### Exercise
Your output consists solely of the lines from the one that contains "Fashion Minimalist Wide" to the end of the material, each reproduced exactly; pictures do not belong in it.

### Source material
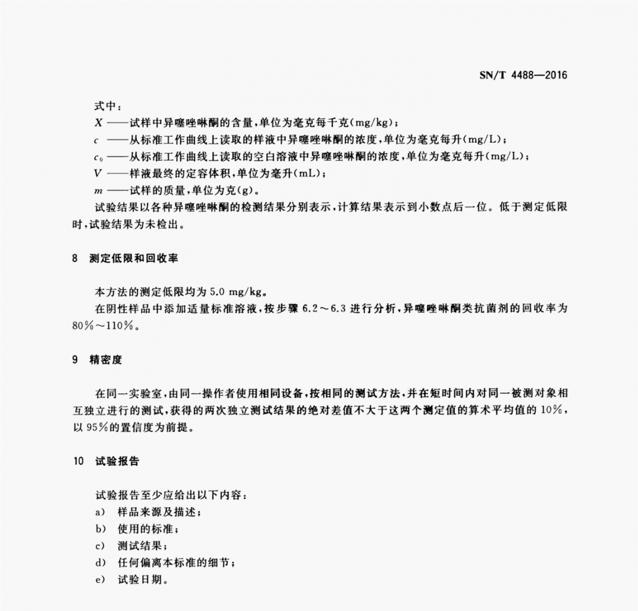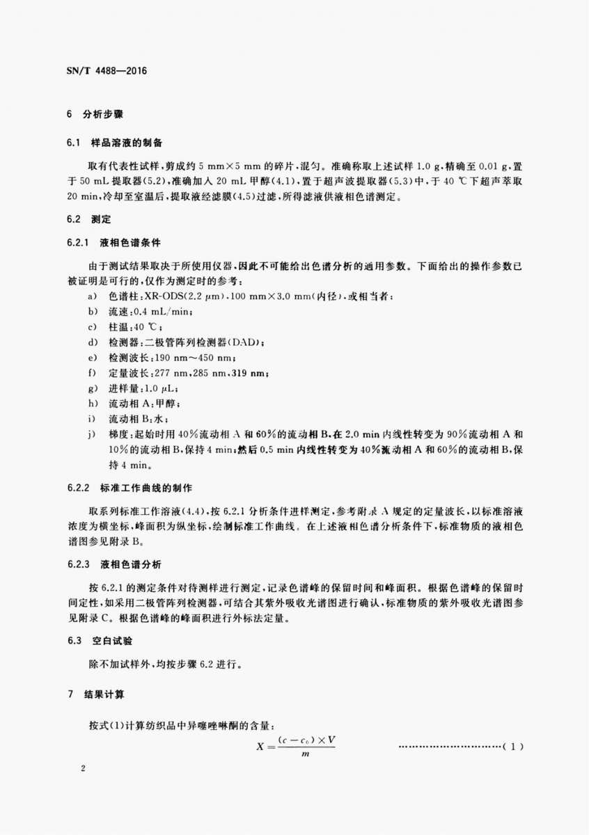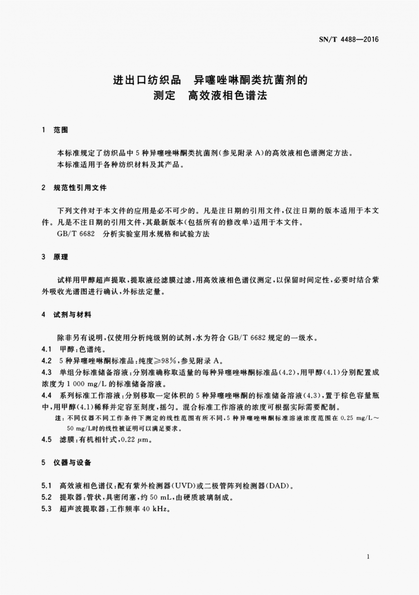 SN/T 4488-2016 進(jìn)出口紡織品 異噻唑啉酮類抗菌劑的測(cè)定 高效液相色譜法
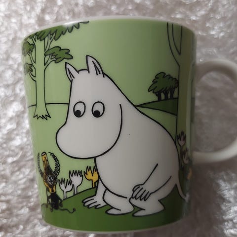 Hieman harvinaisempi muumimuki "Bokförslag Carlsen If" myyntiin. Erinomainen kunto, printti on hieman haalistunut. Tämä ei siis ole Arabian tekemä muki. Nouto tai toridiili.
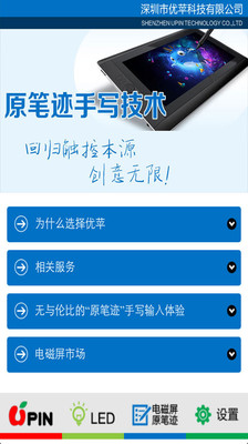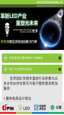 深圳市优苹科技有限公司成立于2011年8月,主营LED综合解决方案和电磁屏手导技术两大业务。目前优苹公司已经成功的完成各种商业,家居LED照明的高压新品研发,短短一年时间,已经在高压的这个全新的领域初露矛头,完成了从高压芯片,到高压灯珠,导热朔胶的资源优化,让高压线性的LED,从一个全新的概念开始真正的量产化。此项目目前已经与许多国内的一线大厂开始建立合作关系。为了让消费者能得到回归最人性化的输入方式,以及更好的触控体验,于2012年开始与台湾核心技术人员合作开发可以实现原汁原味的电磁屏原笔迹手写输入技术。项目目前已经广泛运用于金融 . 工控 . 医疗,以及消费类电子领域,与众多方案公司.集成商以及品牌厂商已经建立深度合作关系,并且迅速的扩展市场占有量。
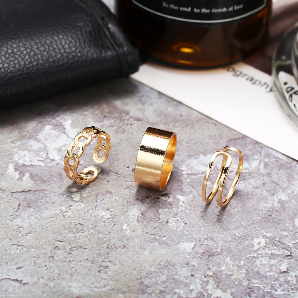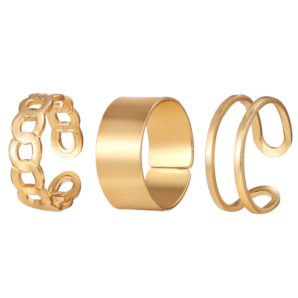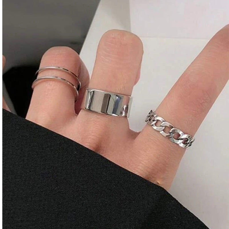 Fashion Minimalist Wide Band Ring Set - Adjustable Open Cuff Design
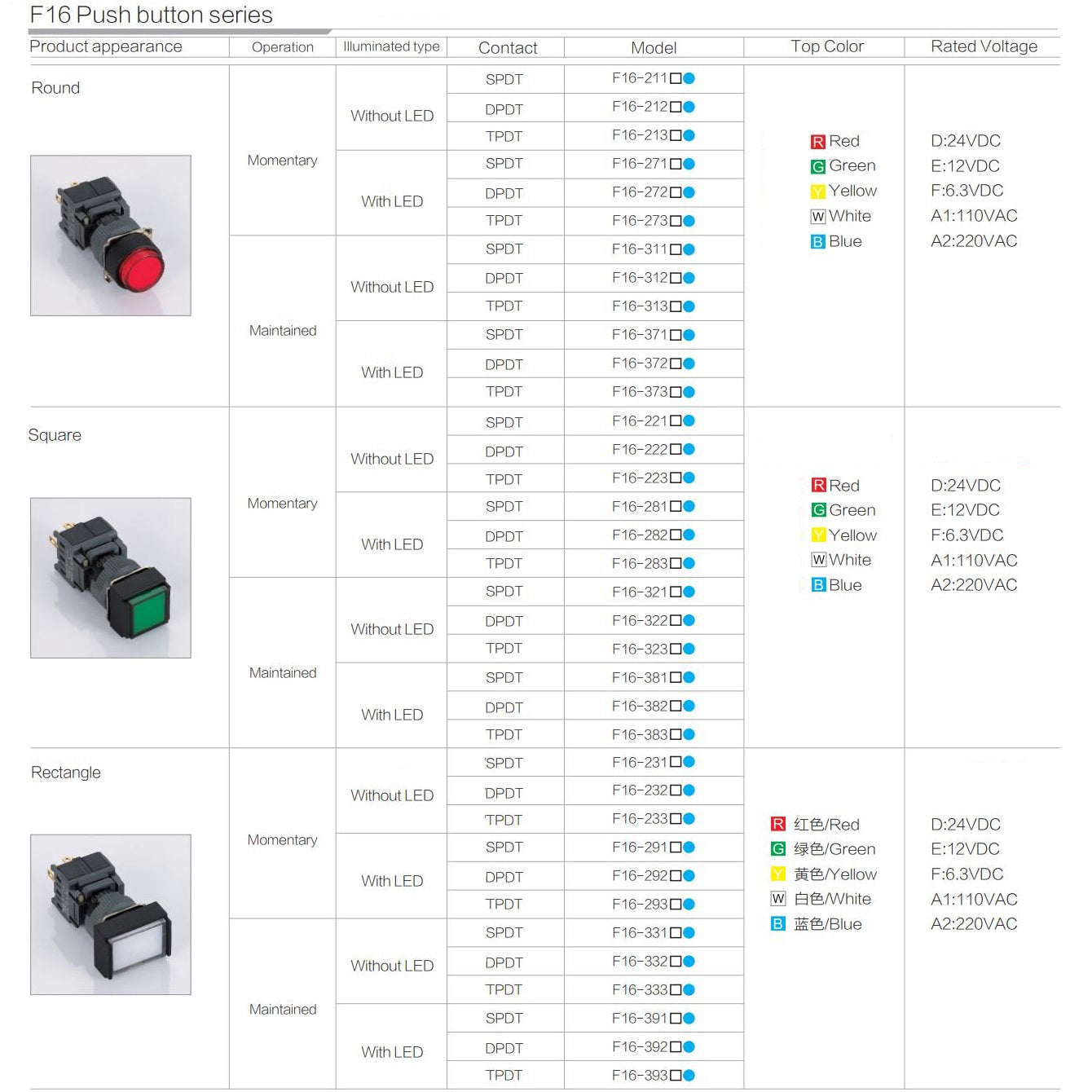 | Mounting Hole Size: | 16mm Square Button Switch |

### Result of the task
 Fashion Minimalist Wide Band Ring Set - Adjustable Open Cuff Design
 | Mounting Hole Size: | 16mm Square Button Switch |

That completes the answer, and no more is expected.